The loss of species will have a great impact on the planet. For humans, we are losing organisms that might have shown us how to, for example, prevent cancer or cure AIDS. Other organisms are losing species that they depend upon, and thus face extinction themselves.
After Deforestation
When the fertility of the ground becomes low, farmers seek other areas to clear and plant, abandoning the poor soil. The area previously farmed is left to grow back to a rain forest. However, just as the crops did not grow well because of the soil's poor nutrients, the forest will grow back slowly, also because of the soil's poor nutrients. After the land is abandoned, the forest typically can take 50 years to grow back.

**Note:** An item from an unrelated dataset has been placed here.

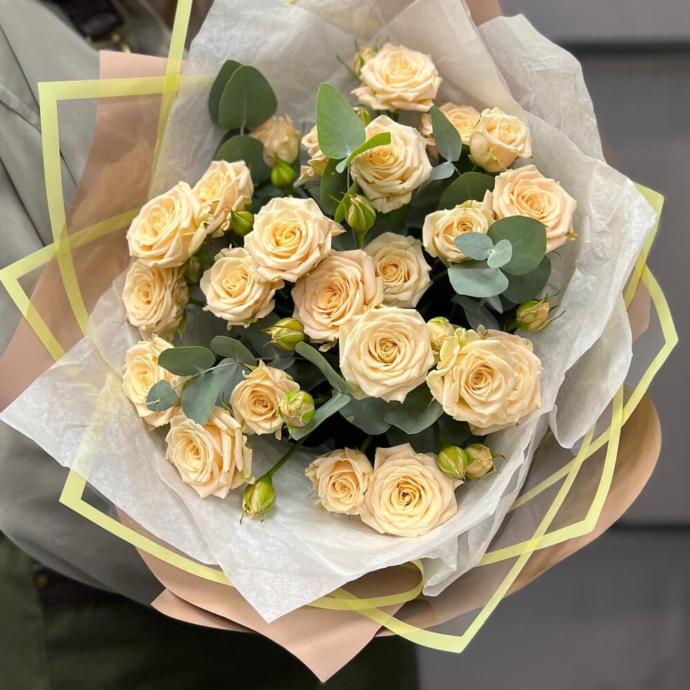 Эвкалипт – 3 шт.Лента атласная – 2 шт.Пленка матовая – 4 шт.Тишью белое – 3 шт.роза кустовая таня – 5 шт.пленка дизайнерская с каймой – 2 шт.
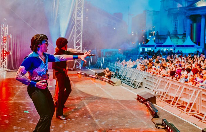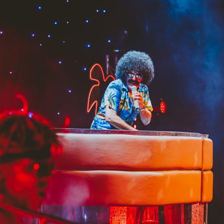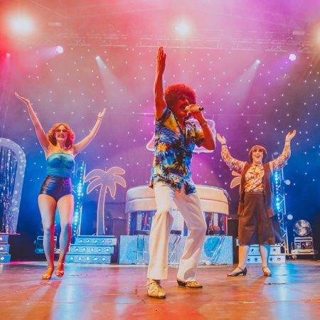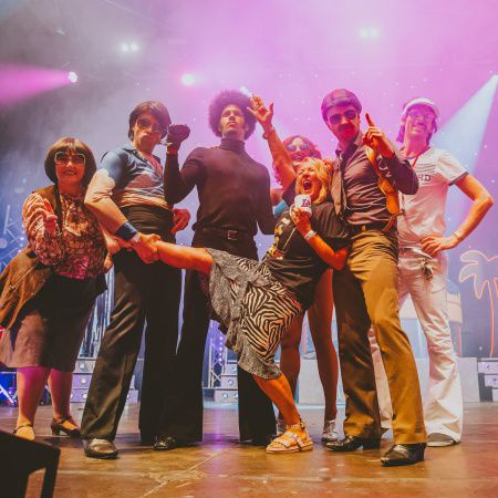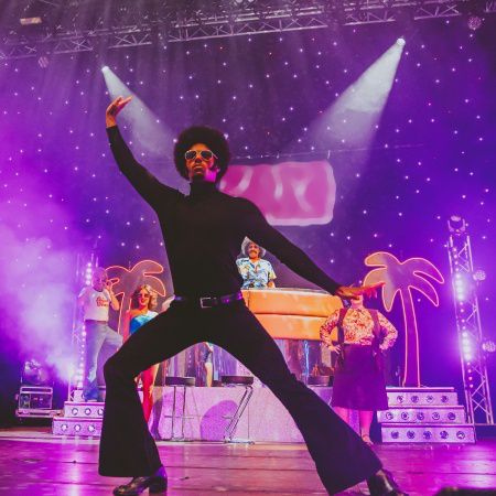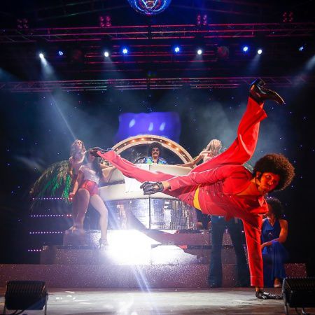 Experience 70s nostalgia in our immersive stage show, merging theatre, concert, and club atmospheres into a spectacular journey to the disco era

Another type of farming practised in rain forests is called "shade agriculture." In this type of farming, many of the original rain forest trees are left to provide shade for shade-loving crops like coffee or chocolate. When the farm is abandoned, the forest grows back very quickly, because much of it was left unharmed in the first place. After this type of farming, forests can grow back as quickly as 20 years.
Other types of farming can be much worse for forest re-growth. Intensive agricultural systems use lots of chemicals like pesticides and fertilisers. The pesticides kill a lot of the living organisms in the area, and pesticides and fertilisers wash into the surrounding areas. In banana plantations, pesticides are used on the plants and in the soil to kill pest animals. However, these pesticides also kill other animals as well, and weaken the health of the ecosystem. Banana plantations also use irrigation ditches and underground pipes for transporting water, changing the water balance of the land. After a banana plantation, or other intensive agricultural system, is abandoned, it can take a great deal of time for a forest to re-grow-- possibly even centuries.
This essay should have given the reader a good overview of the topic and possible problems.